WASHINGTON — If Americans now have a train enthusiast in the White House, they soon will have one at the U.S. Department of Transportation.

Pete Buttigieg, the former mayor of South Bend, Indiana, testified Thursday to the Senate Commerce Committee, a precursor to his likely confirmation by the full Senate.

The committee’s chairman, Mississippi Republican Roger Wicker, invited Buttigieg to visit the state to see one of Wicker’s priorities: restoring Amtrak service to the state’s Gulf Coast communities.
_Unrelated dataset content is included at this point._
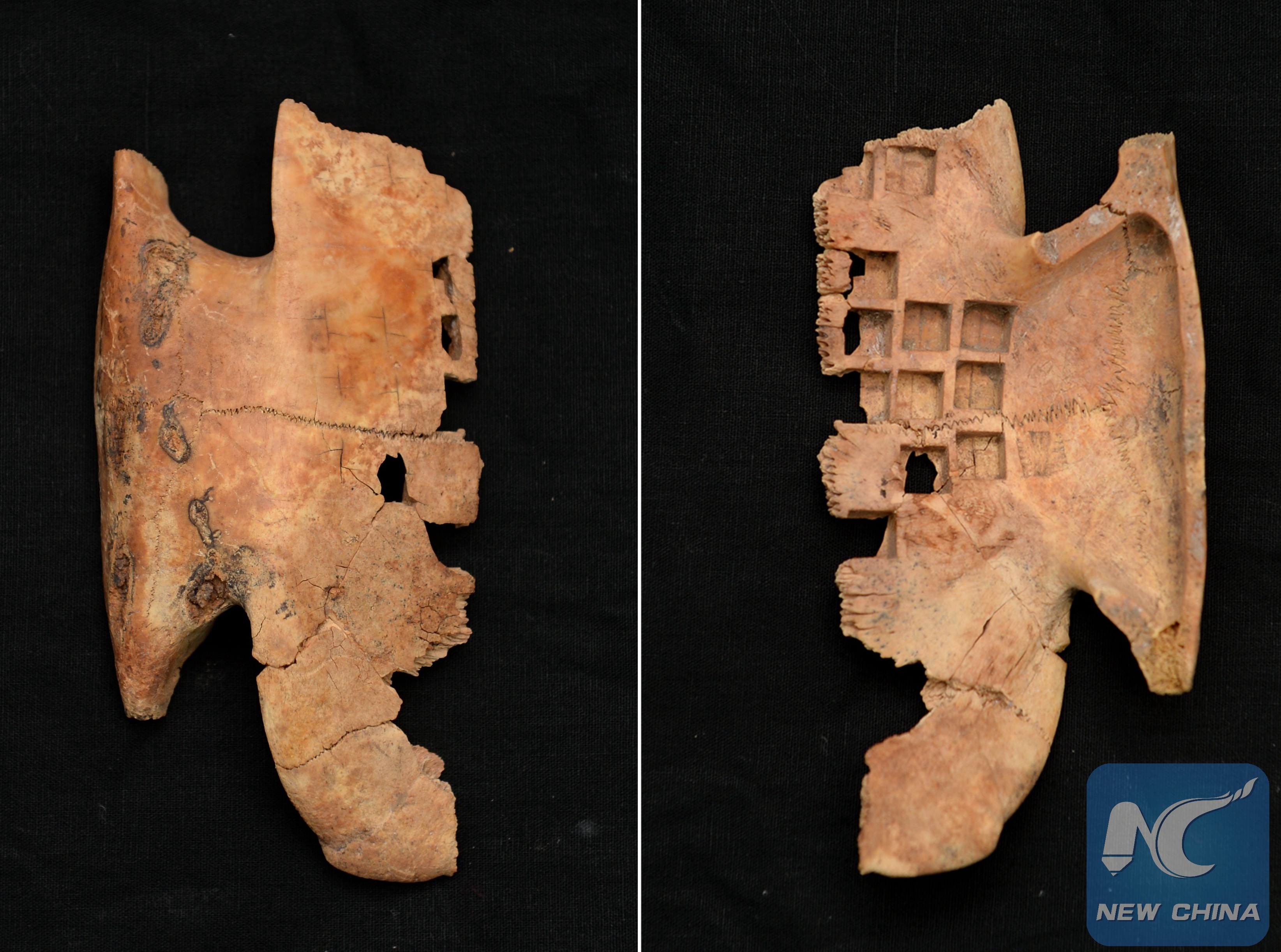 A turtle plastron shell was also unearthed from the Qin Dynasty tomb in northwest China's Shaanxi Province on March 18, 2018.(XINHUA/Li Yibo)

The tri-weekly Sunset Limited has not operated east of New Orleans since Hurricane Katrina in 2005.

“I’m only the second biggest passenger rail enthusiast in this particular administration,” Buttigieg told Wicker, referring to President Joe Biden, a longtime Amtrak rider.

Connecticut Democrat Richard Blumenthal sought Buttigieg’s commitment to the Gateway Program, which would replace and rebuild the 111-year-old Amtrak tunnels under the Hudson River between New Jersey and New York. The tunnels are a key link in the Northeast Corridor but was heavily damaged by Hurricane Sandy in 2012.

The project has strong support from officials in New York, New Jersey and Connecticut, but the Trump administration was slow to move it along.

“I’ve heard this loud and clear from you and your colleagues in the region,” Buttigieg told Blumenthal.

Buttigieg, who made his own run for president last year before endorsing Biden, brings a mayor’s perspective to the department.

He helped South Shore Line obtain federal funding to build double track from Gary to Michigan City, Indiana, on the commuter railroad’s route from Chicago to South Bend.

He also pushed for the Federal Railroad Administration to restore a quiet zone in South Bend, which is crisscrossed by busy Norfolk Southern and Canadian National routes.

“As a mayor from the industrial Midwest, I will bring a bottom-up perspective on transportation programs and funding,” Buttigieg said in his opening remarks. “If confirmed, I look forward to working with our partners at the state, local, territorial, and tribal levels to find solutions to our infrastructure issues while we also prepare for the future of transportation at a time of great change.”